Problem requirements —
Below are records with pictures; copy word for word only the lines between the line with "Gold / black" and the line with "This depicts a", inclusive, and drop the pictures.

Exercise inputs —
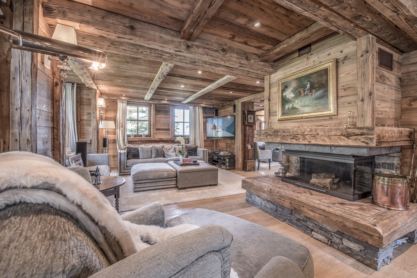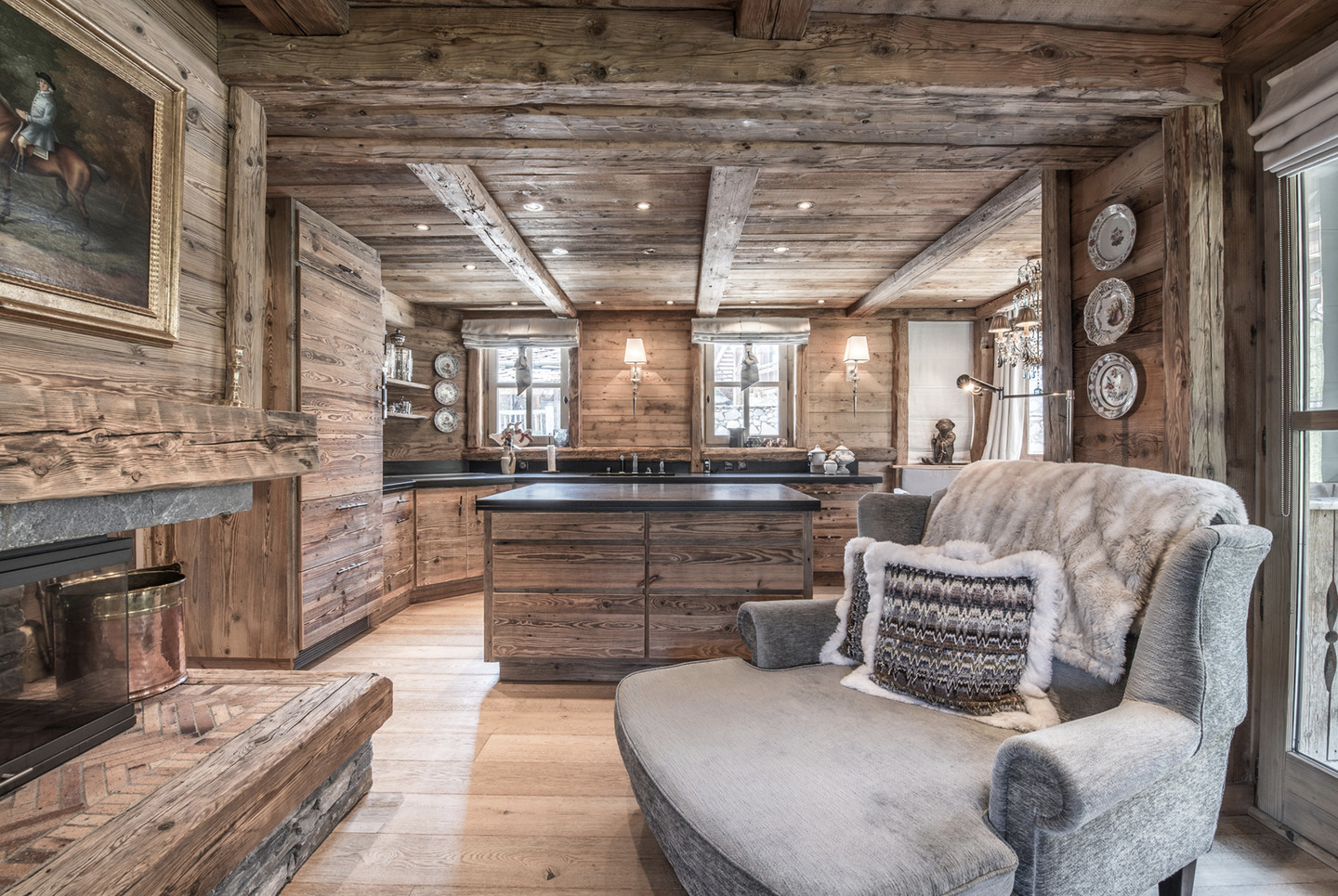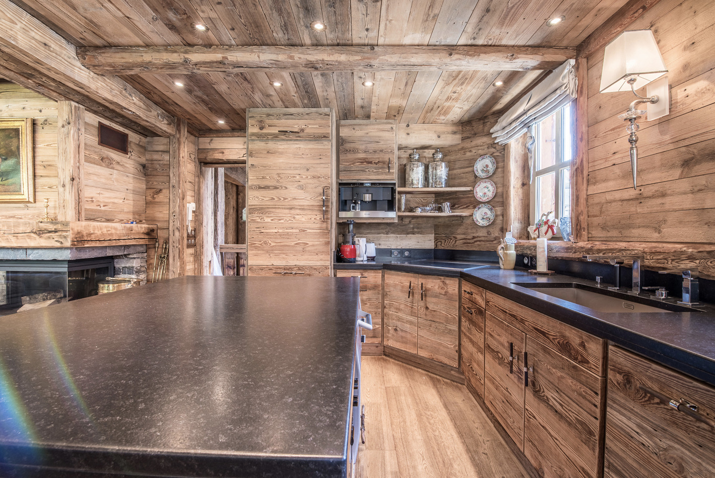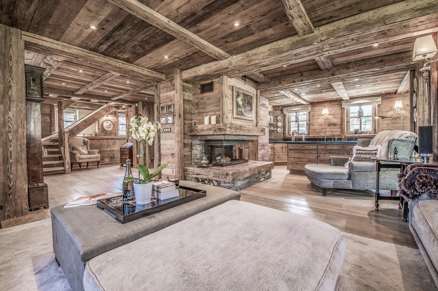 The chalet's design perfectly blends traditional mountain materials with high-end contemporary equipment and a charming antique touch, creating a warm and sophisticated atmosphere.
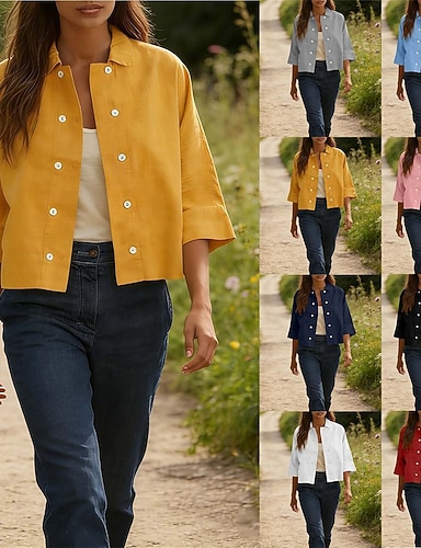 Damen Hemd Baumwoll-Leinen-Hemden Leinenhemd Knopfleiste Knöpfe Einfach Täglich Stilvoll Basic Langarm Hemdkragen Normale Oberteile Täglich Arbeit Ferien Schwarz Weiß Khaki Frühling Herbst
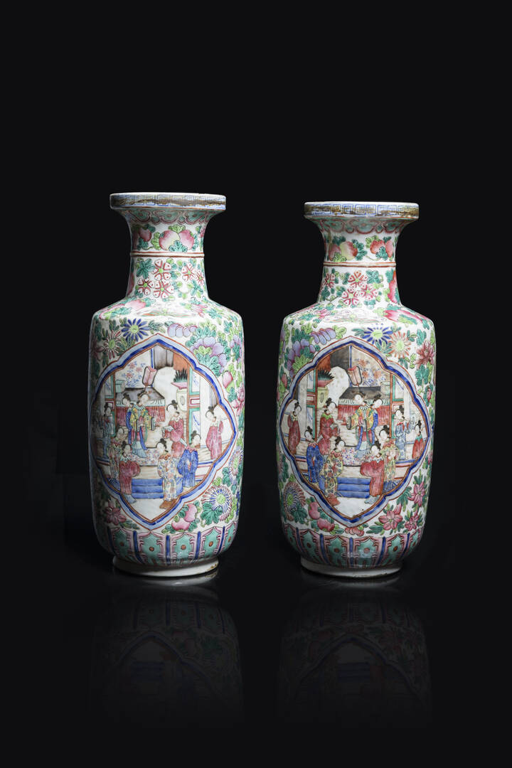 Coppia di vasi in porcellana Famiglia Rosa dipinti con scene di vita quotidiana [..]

--

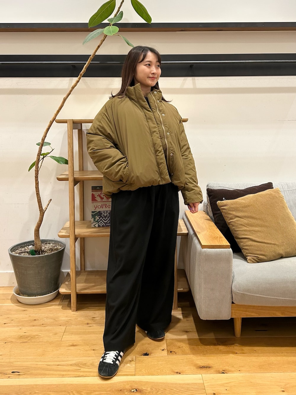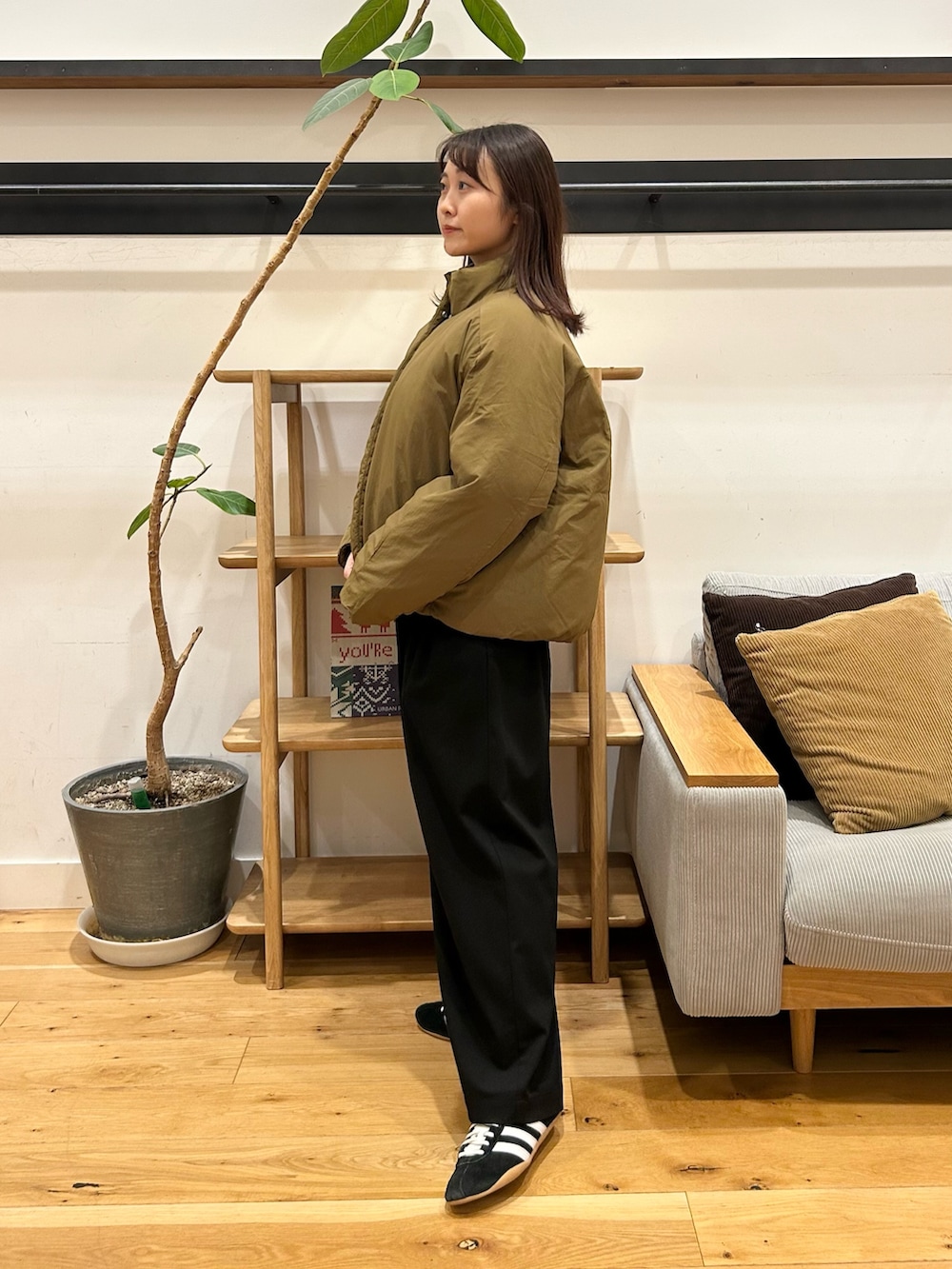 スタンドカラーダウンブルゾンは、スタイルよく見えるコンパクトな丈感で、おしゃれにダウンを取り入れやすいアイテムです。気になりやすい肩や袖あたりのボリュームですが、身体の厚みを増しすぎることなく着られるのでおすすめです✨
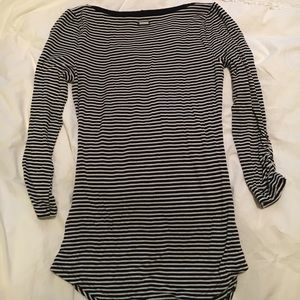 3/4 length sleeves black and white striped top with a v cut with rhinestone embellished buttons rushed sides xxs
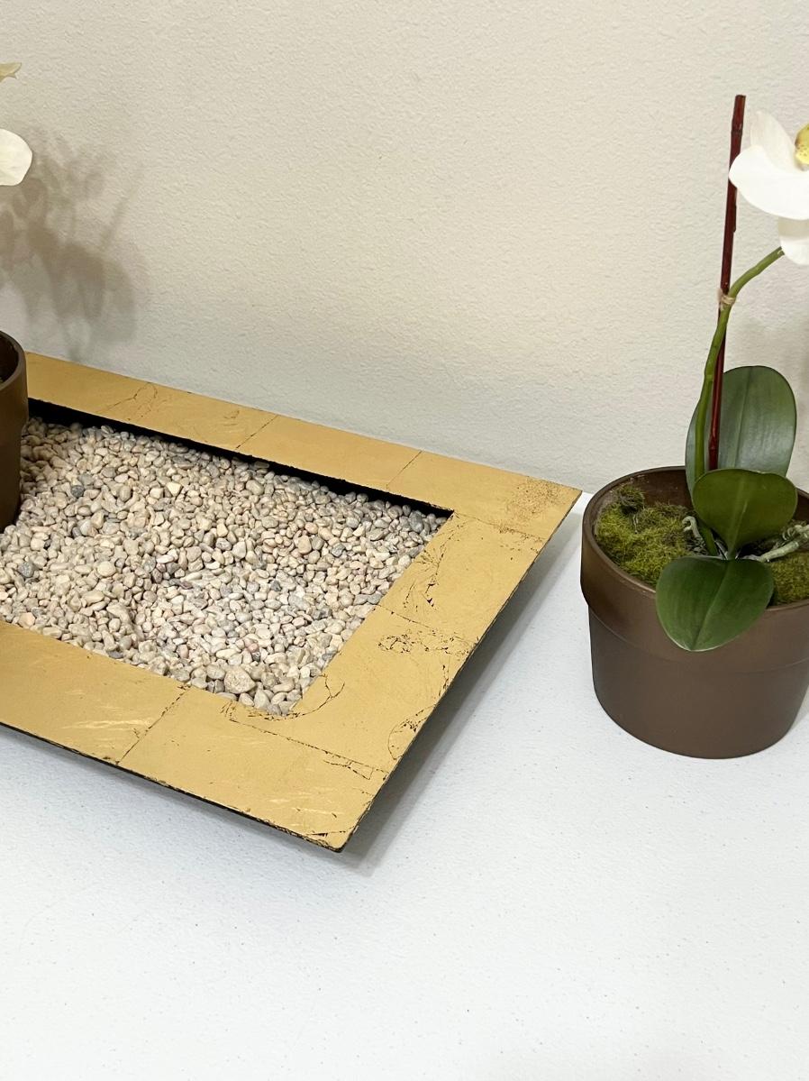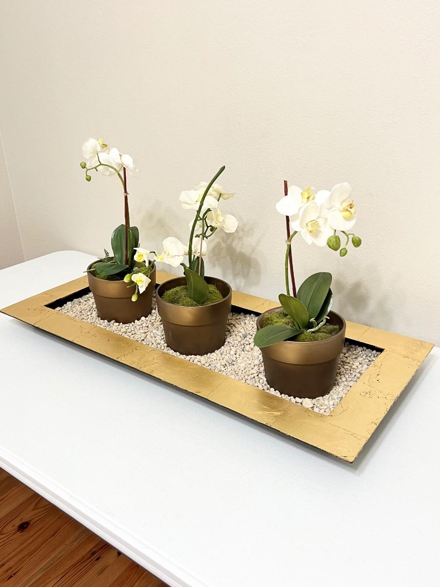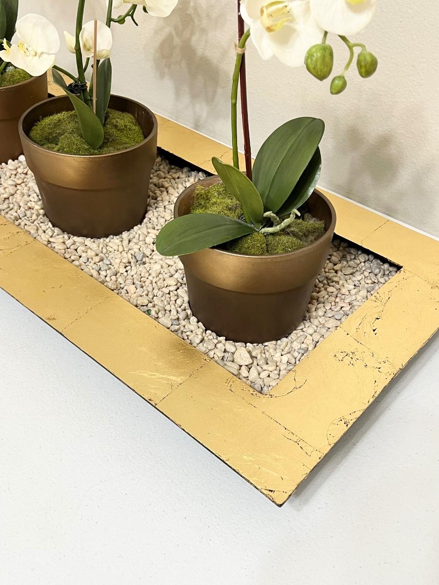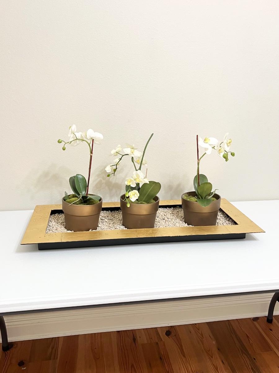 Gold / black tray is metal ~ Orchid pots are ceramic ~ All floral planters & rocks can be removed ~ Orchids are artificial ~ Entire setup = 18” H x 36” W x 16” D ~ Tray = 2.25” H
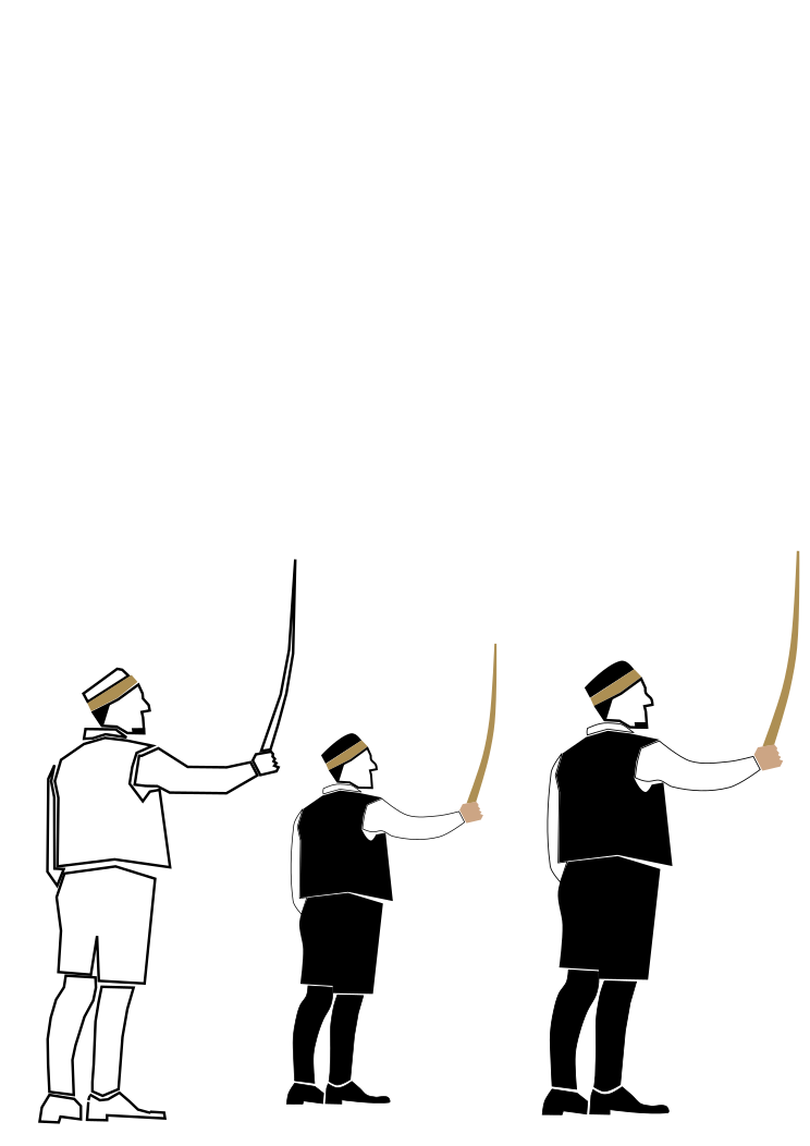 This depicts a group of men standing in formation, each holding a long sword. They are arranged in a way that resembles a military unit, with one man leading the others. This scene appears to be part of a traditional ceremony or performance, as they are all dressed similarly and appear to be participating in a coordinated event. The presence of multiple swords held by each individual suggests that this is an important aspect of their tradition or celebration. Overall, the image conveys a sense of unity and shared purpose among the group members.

* * *

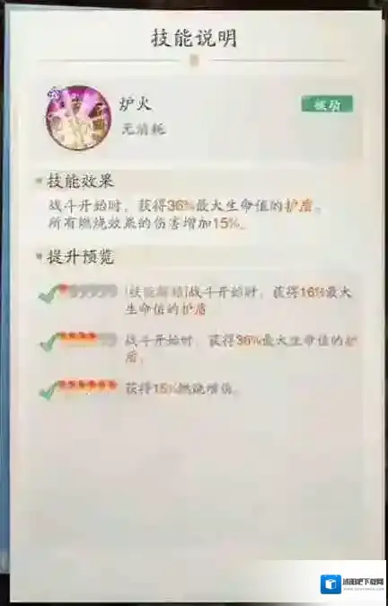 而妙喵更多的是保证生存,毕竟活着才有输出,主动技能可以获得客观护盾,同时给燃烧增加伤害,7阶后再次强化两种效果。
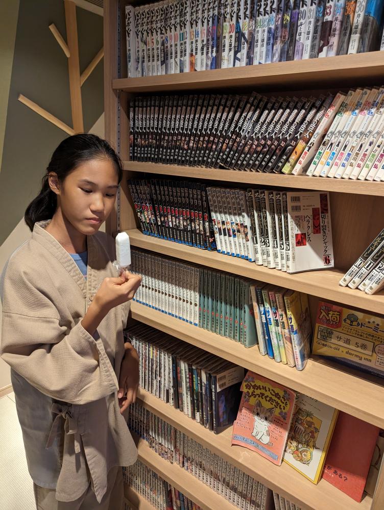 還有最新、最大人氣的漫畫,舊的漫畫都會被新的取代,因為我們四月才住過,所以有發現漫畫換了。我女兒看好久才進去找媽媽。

Solved problem —
 Gold / black tray is metal ~ Orchid pots are ceramic ~ All floral planters & rocks can be removed ~ Orchids are artificial ~ Entire setup = 18” H x 36” W x 16” D ~ Tray = 2.25” H
 This depicts a group of men standing in formation, each holding a long sword. They are arranged in a way that resembles a military unit, with one man leading the others. This scene appears to be part of a traditional ceremony or performance, as they are all dressed similarly and appear to be participating in a coordinated event. The presence of multiple swords held by each individual suggests that this is an important aspect of their tradition or celebration. Overall, the image conveys a sense of unity and shared purpose among the group members.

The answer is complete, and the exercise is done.